Johannes Woolard, co-developer of Crunchy is an Oxford student (in the
computer science department, I believe) is a subscriber to this list.  He is
currently on holidays but I think he should be back some time next week.
You two might be able to meet and discuss face to face about this
possibility.

We are hoping to get two students to work as part of Google's Summer of Code
2007 on Crunchy development and one of them has some experience with
matplotlib already.

André (Roberge)

On 4/11/07, Yusdi Santoso <[EMAIL PROTECTED]> wrote:

Hi all,

I have developed a web interface for the Matplotlib library in my spare
time. I was inspired (or frustrated rather..) to develop it when I was
encountering a lot of license error with the Matlab server in my
university.

It is intended to be a free alternative to Matlab especially geared for
teaching mathematics and scientific programming.
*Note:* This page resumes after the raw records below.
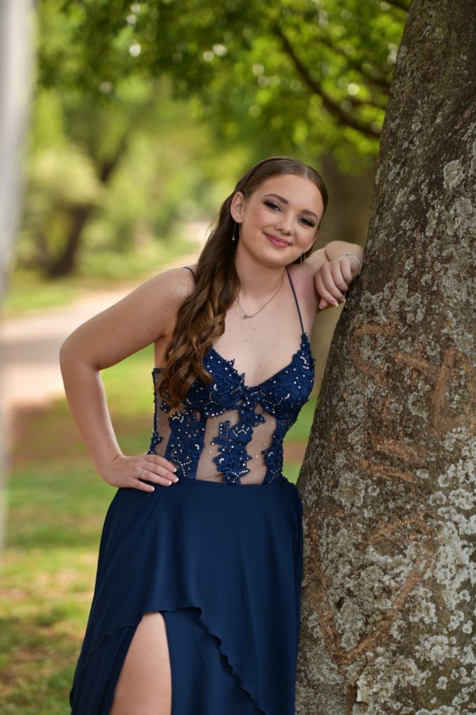 Die inspirasie agter my matriekafskeidrok kom van elegante eenvoud en die skoonheid van vloeiende beweging. Die diepblou kleur simboliseer selfvertroue en rustigheid, terwyl die sagte ontwerp en detail ń tikkie dromerige grasie byvoeg.
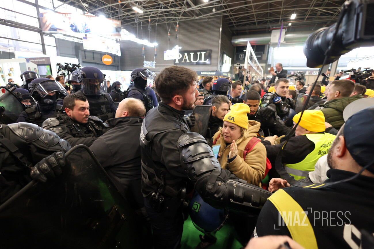 Ce samedi 24 février 2024 s'est ouvert le 60ème Salon internationale de l'Agriculture, porte de Versailles à Paris. Attisée par la présence d'Emmanuel Macron, la colère des agriculteurs a fait tourné au fiasco, le lancement de cette manifestation. Des heurts ont éclaté entre les planteurs et les forces de l'ordre, devant des animaux apeurés et un public empêché de circuler à sa guise dans les allées. Le président de la République a fini par improviser un débat avec des représentants des filières agricoles. Les échanges ont duré plus de deux heures. Ils n'ont pas réussi à calmer la grande colère des agriculteurs (Photos : www.imazpress.com)
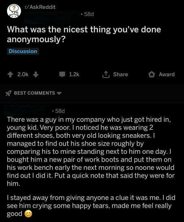 Once the woman in line in front of me at the grocery was removing foods that had been rung up because she didn’t have enough money for all she needed. I picked up the balance for her. I now watch for that and have helped a few. I also give hamburgers to panhandlers. Neither is quite anonymous, but close.
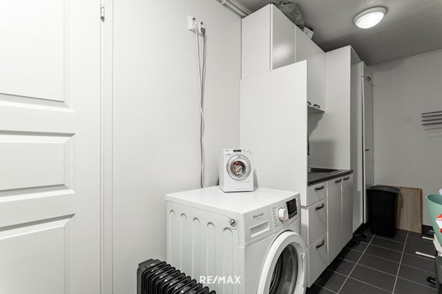 - Pesukoneliitäntä, pöytätaso, tila pesutornille, pesuallas, ja pyykkikaapit

Obviously it is not as
complete as Matlab or other more mature scientific programming
environments
(R, Maple, Mathematica to name a few), however it comes with several
unique
benefits:
* Zero client side installation. This is an advantage for computer
lab/classroom setup where IT administration budget is limited. You just
need
reasonably recent browser which supports AJAX (IE6+, Mozilla 1.5+)
* Online file storage. All of the user files are stored on the server and
can be manipulated and edited online.
* And it is free

You can find an early release at the following URL:
http://www.physics.ox.ac.uk/users/santoso/Software.WebLab.html

At this stage it is working but with some issues (which will need some
serious thinking...).
I would be grateful for any suggestion/comments. What I would love to do
is
to engage some educators to use and push this to be something more mature.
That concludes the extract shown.